Simple Executions of Snapshot Implementations

TL;DR

This paper introduces a mathematical formulation for verifying snapshot algorithms' correctness and identifies a property called schedule-basedness, simplifying the verification process for these concurrent algorithms.

Contribution

It provides a new formulation of linearizability for snapshot algorithms and introduces schedule-based algorithms, reducing the complexity of correctness proofs.

Findings

Linearizability can be characterized by specific mathematical functions.

Most published snapshot algorithms are schedule-based.

Focusing on schedule-based algorithms simplifies correctness verification.

Abstract

The well known snapshot primitive in concurrent programming allows for n-asynchronous processes to write values to an array of single-writer registers and, for each process, to take a snapshot of these registers.
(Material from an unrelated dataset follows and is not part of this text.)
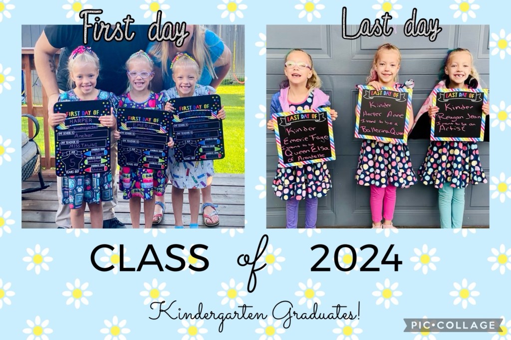 What a whirlwind few weeks! The girls made it through their first year of elementary school and are already excited to claim first grade. While displeased that beloved Miss Tawni won’t teach them next year (since they assumed she moved up every year haha), they also contain excitement for Miss Kelly, who is just a couple doors down the hall. Looking at comparison pictures from day one to the final day, you can see how much everyone grew, not just in height!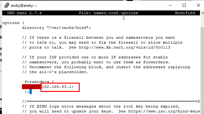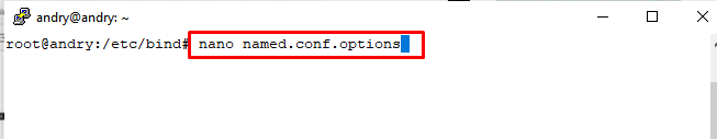 10. Setelah itu masukkan perintah nano named.conf.options untuk memberikan IP Address yang akan diubah menjadi domain.

In this paper we provide a formulation of the well known linearizability condition for snapshot algorithms in terms of the existence of certain mathematical functions. In addition, we identify a simplifying property of snapshot implementations we call "schedule-based algorithms". This property is natural to assume in the sense that as far as we know, every published snapshot algorithm is schedule-based. Based on this, we prove that when dealing with schedule-based algorithms, it suffices to consider only a small class of very simple executions to prove or disprove correctness in terms of linearizability. We believe that the ideas developed in this paper may help to design automatic verification of snapshot algorithms. Since verifying linearizability was recently proved to be EXPSPACE-complete, focusing on unique objects (snapshot in our case) can potentially lead to designing restricted, but feasible verification methods.